One of the main difficulties concerns computational complexity. Operating on encrypted data requires more resources and results in higher latency compared to processing data in plain form. However, recent hardware developments and algorithmic optimizations are significantly reducing these times, making increasingly efficient and practical applications possible. Simultaneously, improvements in open-source libraries and specialized frameworks are lowering the entry barrier for researchers and companies interested in these technologies.

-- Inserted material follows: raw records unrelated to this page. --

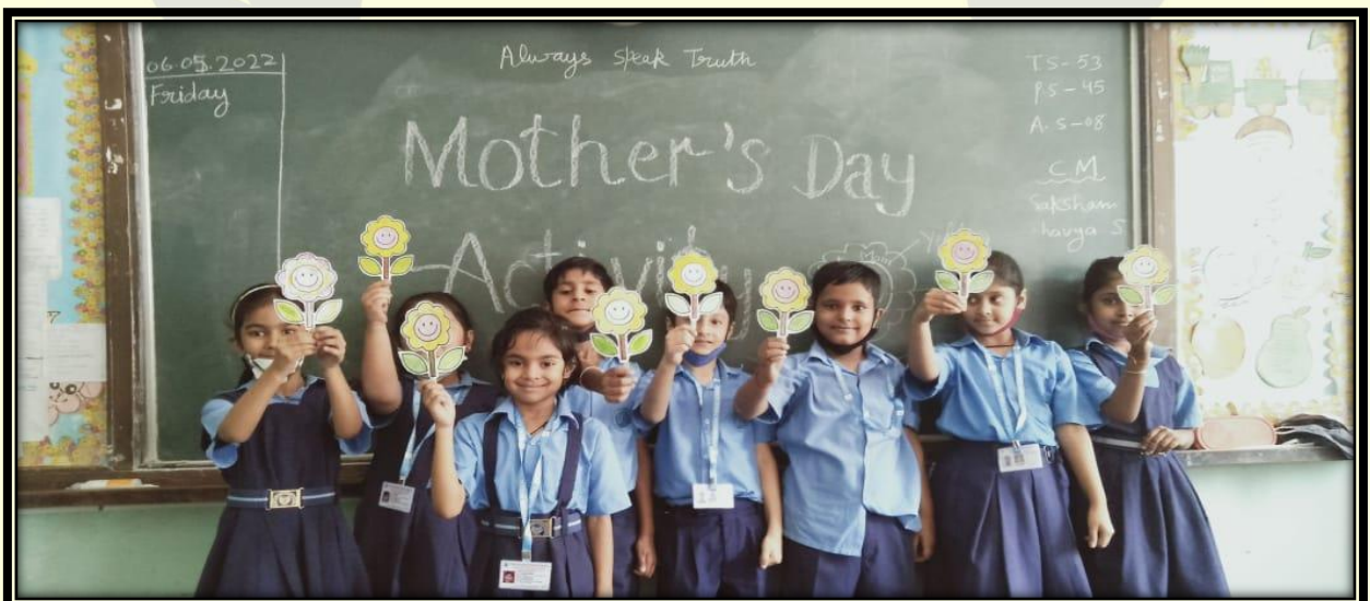
Enthusiastic students with 'Best Mom - Flowers' on sticks.....

'A Mother is one who can take the place of all others, but her place no one else can take'. Mothers have the magic wand to heal all wounds, make the things happen..... and the woes disappear.....' The students celebrated this special day in a very emotional and affectionate manner. They expressed their soft corners for their mothers in a myriad way. Many activities were conducted. Students of Nursery & Prep prepared 'Photo frames', classes I&II crafted - 'Best Mom - Flowers' on sticks, and the others got engaged in making badges based on the topic 'My Mother....My Life...' The students of Middle department got involved in 'Cooking without Fire' activities and prepared a number of health friendly dishes which their mothers relished.
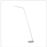
FL25558-BN Brushed Nickel
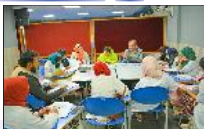
Activity at the Paediatrics Medicine Workshop
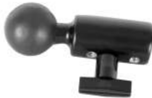
RAM-215 RAM BALL WITH 5/8" HEXAGON HOLE FOR PHOTO
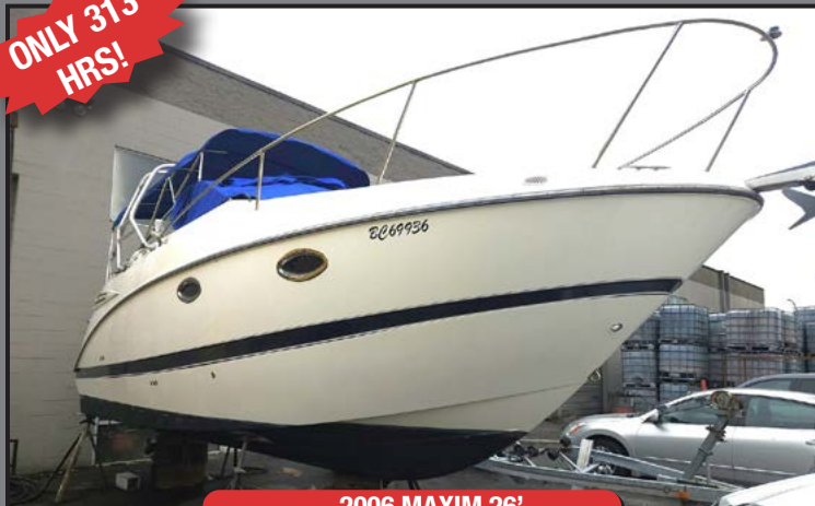
2006 MAXIM 26'
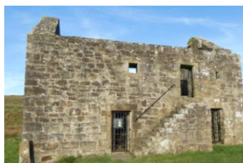
Black Middens 1
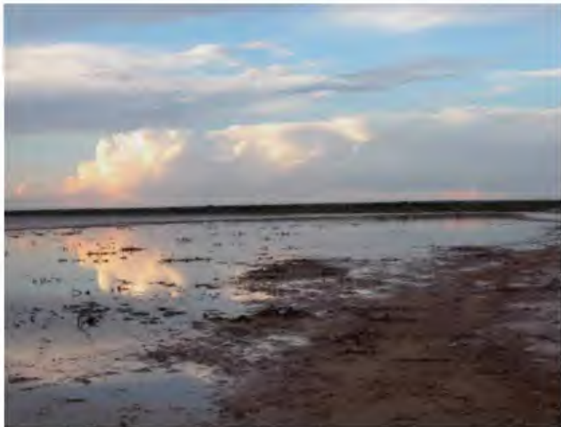
FIGURE 3. Vernal pool at margin of Salinas Grandes, Córdoba Province, Argentina at Km 895.5, National Highway 60 after the first of seasonal rains in January, 2004.
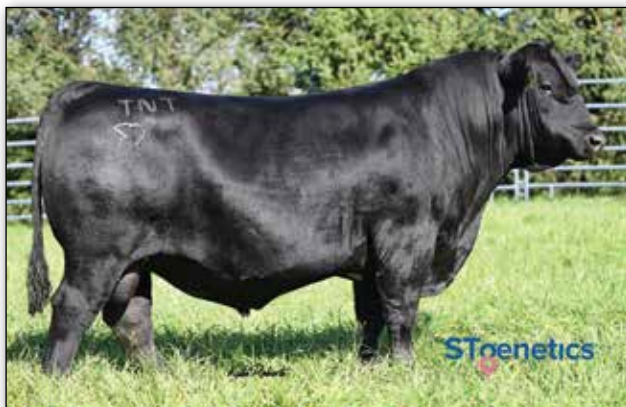
CLEMSON ELITE 41J
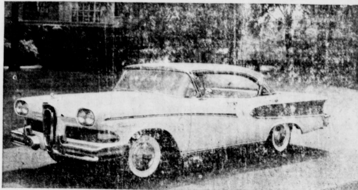
THIS IS THE EDELSEL, Ford Motor Company's newest entry in the medium price car field, available in 18 models in four series—Ranger, Pacer, Corsair and Citation. The entire line will go on display in all Edsel dealerships Sept. 1th. Shown is the Pacer four-door hardtop. From its vertical grille, dual headlights and wraparound turn indicators through the single chrome side spear and concave sculptured "teardrop" side scallop, the Edsel gives an impression of motion even when parked. In addition to its dramatic styling, the Edsel offers a wide range of exclusive engineering features including "Teletouch" push button automatic transmission controls located in the steering wheel hub.
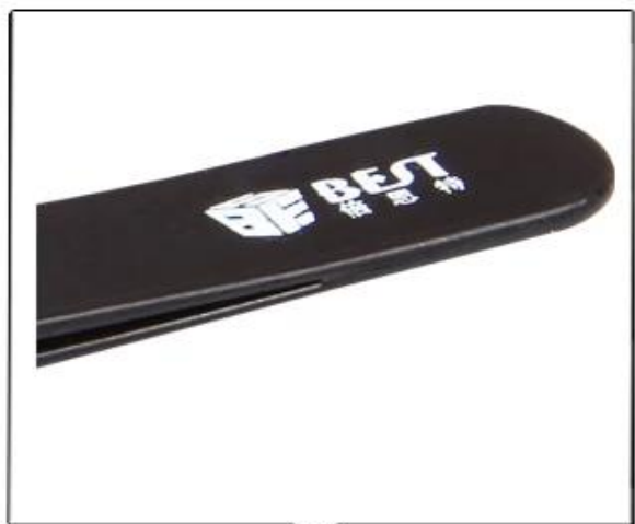
Using high-precision equipment screen printing, legible
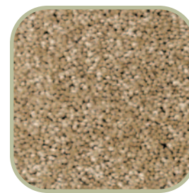
Stained, then cleaned.

So incredibly tough, stains and soil are no match for Tactesse® nylon fiber.
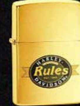
2048HD H582 H-D® Rules Brushed Brass $23.95
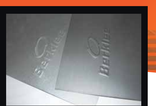
Available in 409 stainless steel or aluminised steel.

All components are boxed for undamaged delivery.
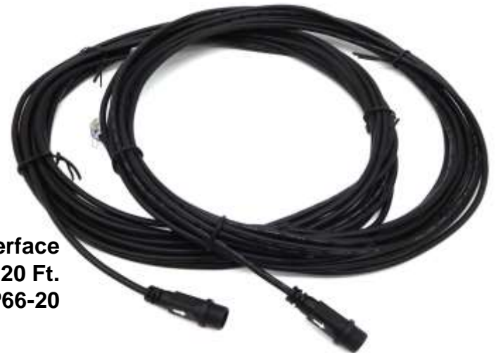
2 x IP66-2, Interface Cables, 20 Ft. PN 5955-IP66-20
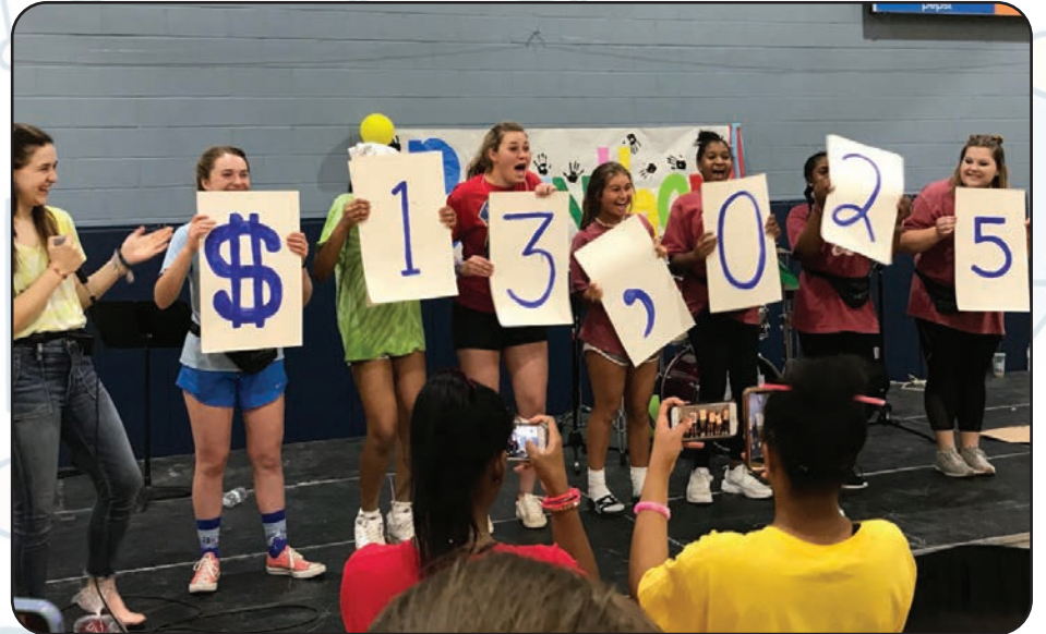
MADISON – St. Joseph students display the total raised at the eight hour Bruinthon fund raising event.
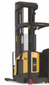
Stand-Up Moving Single Double Reach NR/NDR030-045EC, NR/NDR030-040DC 1,360 - 2,041kg
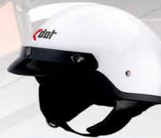
MODEL G7 CODE WHITE
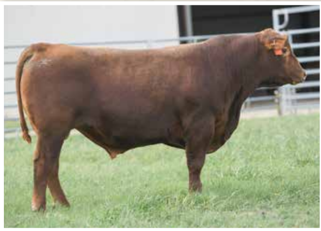
LOT 52 • Jeffries Chief Exec 118J

Another Deep Limit X Franchise bloodline bull that offers a moderate 69 lb birth weight to a 609 lb. weaning weight. His dam sells in this complete Dispersal Auction as Lot 145.
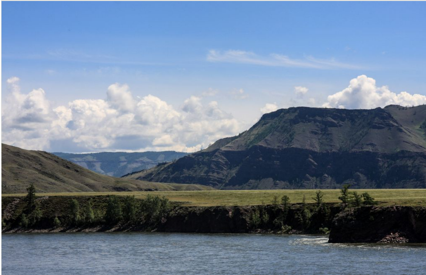
Figure 5. doi

West Sayan, Yenisei river. Two individuals of M. davidii were captured with ground-level mist-nets.
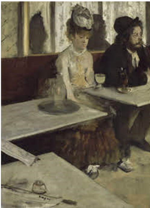
"IN A CAFÉ" Edgar Degas 1876 Oil on Canvas
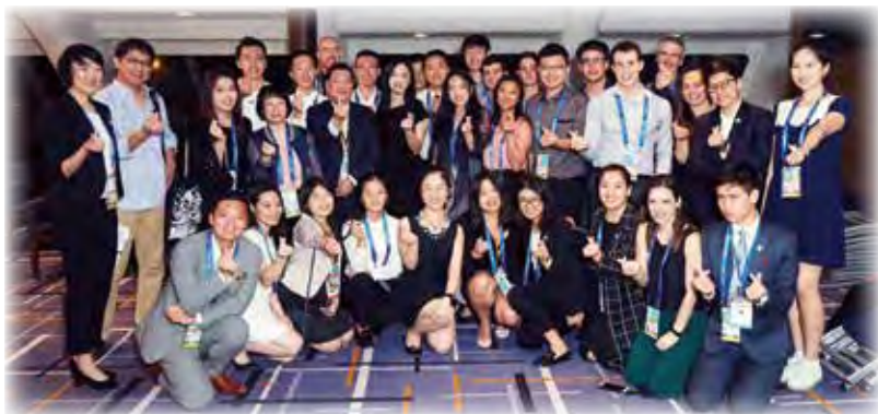
APEC Voices 2018 officials and delegates with Ms Yao Chen, Guest Speaker at the Dialogue Session.

APEC Voices delegates attended a sharing session by Yao Chen, a Chinese actress and philanthropist. In 2014, Time had named her as one of the most influential people on the Time 100 list. She was also listed by Forbes as the 83rd most powerful woman in the world. Several Western media outlets have even nicknamed her as “China’s answer to Angelina Jolie.” She shared her UN refugee work with the APEC Voices delegates and how she had been making a difference to create an impact for the community in China. She encouraged the young delegates to have a positive attitude and contribute their best for their communities.
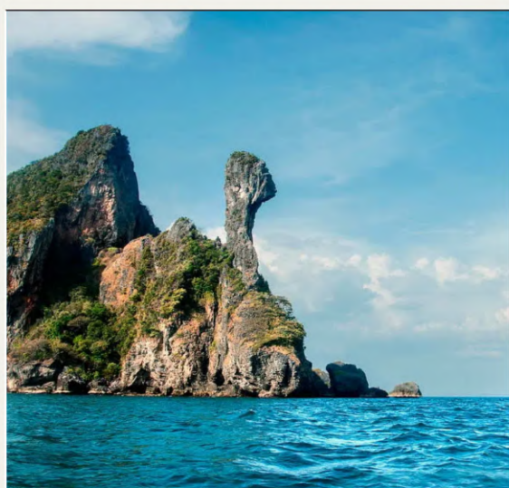
4 ISLAND TOUR CHICKEN ISLAND
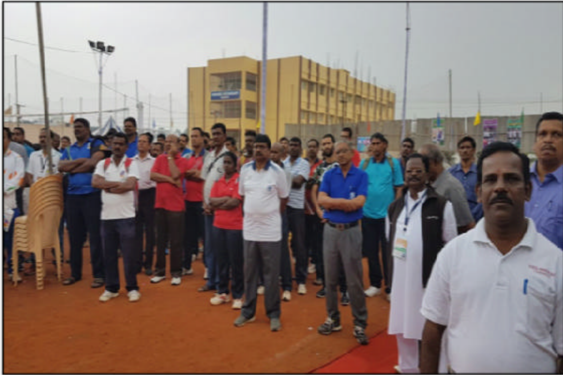
Officials gathered and ready for Flag hoisting on the occasion of Republic Day
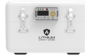
LF18 - $3,325+TAX L430 x W330 x H280mm / 18 litres

Please place your order with your local stockist (found on the back cover)
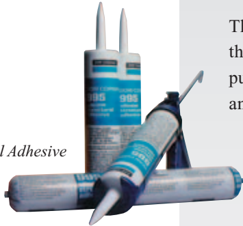
Silicone Structural Adhesive

The flexibility of this system will also increase the ability of the system to cycle due to blast pulse and wind storm energies that create positive and negative pressure effects or by twisting forces associated with earthquakes. In addition, resistance to smash-and-grab and forced-entry impacts can also be improved with the installation of Ultraflex.
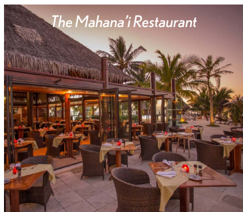
The Mahana'i Restaurant
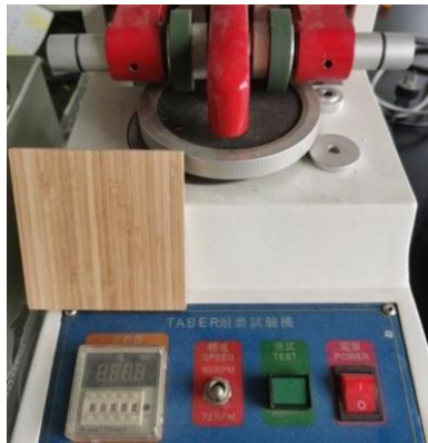
Fig. 2. Abrasion resistance test

A hole was punched in the center of the coated test material, referring to the GB 23999 (2009) standard, under the gravity of 750 g, with 500 r as the test revolution, 60 r/min rotation speed, and recorded the sample grinding. The mass after pre-grinding and the average weight loss (AWL) were calculated to test the AR of water-based coatings.
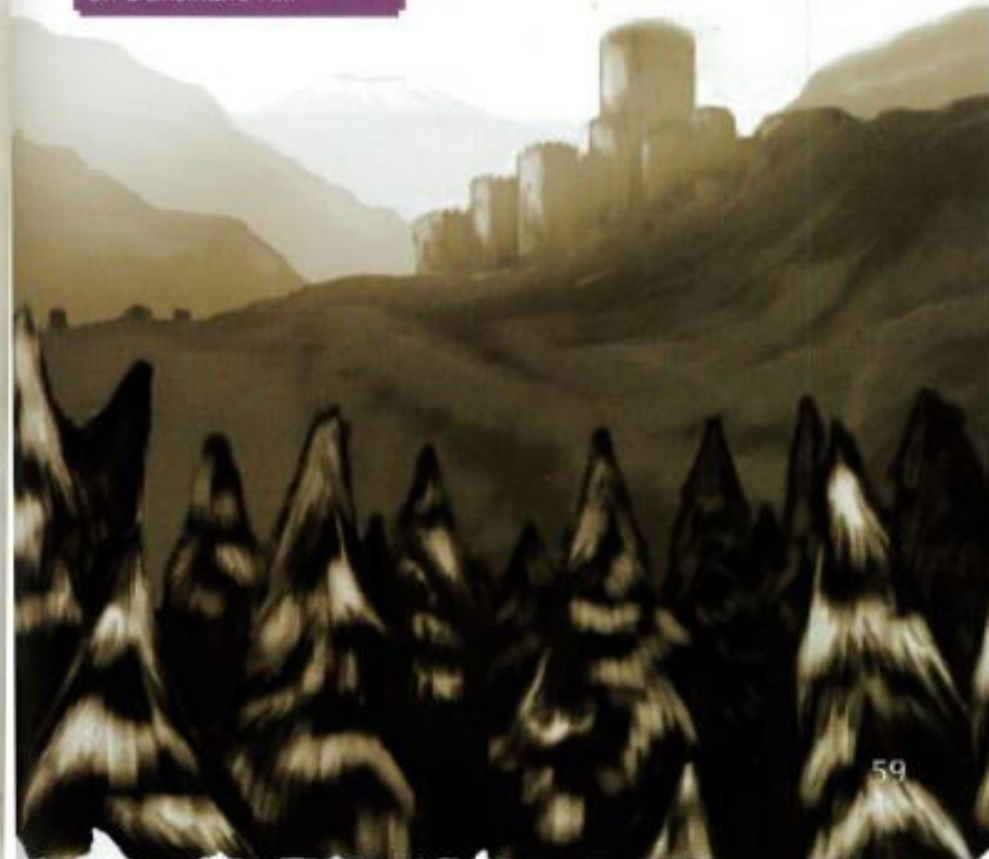
Birnam Wood advancing on Dunsinane Hill

The English soldiers cut off branches from Birnam Wood and advance with them as a shield: the wood itself seems to be moving. Macbeth realises that the witches have tricked him, and that it's all over. He's killed in battle by Macduff. He has been tricked by the witches, but it's his own ambition and greed which have really led to his downfall.
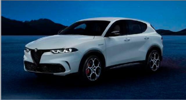
Alfa White (1WX)
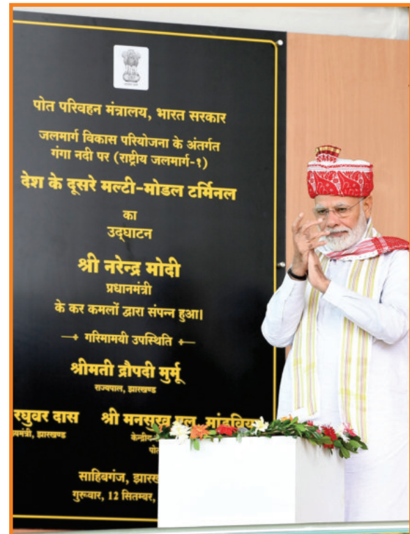
Hon'ble Prime Minister Shri Narendra Modi inaugurating Sahibganj Multi-Modal Terminal

Constructed in less than two years at a cost of Rs. 290 Cr in Phase I, this second of the three multi-modal terminals has been built on the NW-1 under the Jal Marg Vikas Project (JMVP) in record time.
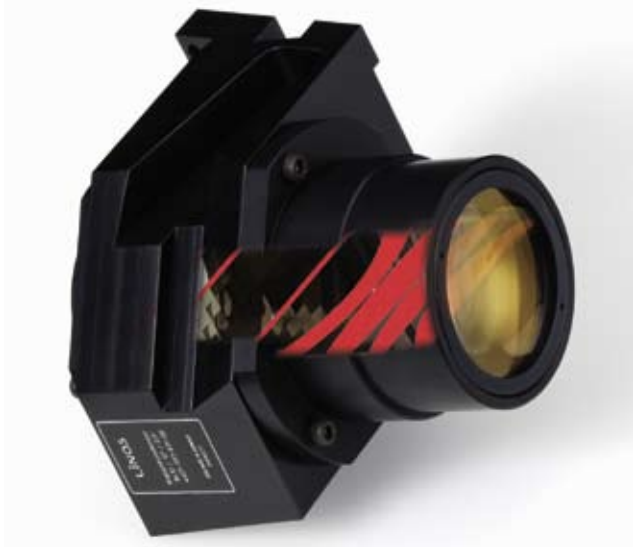
LINOS' solution for optimised (high fluence and homogeneous) UV illumination of an DLP device (integrated lens array)

Another key aspect involves aligning technology with regulatory frameworks. For these solutions to be widely adopted, they must be recognized and integrated into existing regulations. Several international initiatives are working in this direction, such as HomomorphicEncryption.org, a consortium of research institutions, universities, and companies aiming to standardize homomorphic encryption, define common guidelines, and promote interoperability. Alongside the efforts of European institutions, these initiatives contribute to a growing openness toward privacy-enhancing technologies, which are increasingly recognized as essential tools for responsible innovation.

Overall, these challenges are tied to technological maturation and are expected to be overcome in the near future. The outlook is extremely positive; the convergence of academic research, industrial investment, and regulatory attention is setting the stage for the widespread adoption of AI systems that are truly secure, transparent, and respectful of privacy.

Dhiria, one of the first organizations worldwide, and the first Italian startup, dedicated to the development of privacy-preserving AI, plays a significant role in the sector. A spin-off of the Politecnico di Milano, Dhiria was created to bring the research results in secure artificial intelligence and advanced cryptography to the market. The company is recognized for the scientific quality of its research, which is published in major international conferences and journals, and for its contribution to the dissemination of privacy-preserving technologies.

Its active participation in the development of this field demonstrates how it is possible to combine the advantages of the cloud with an unprecedented level of data protection, made possible by homomorphic encryption and recent innovations in AI. More than a future vision, this represents a concrete anticipation of the next technological paradigm: artificial intelligence systems designed from the outset to safeguard the privacy of data and users.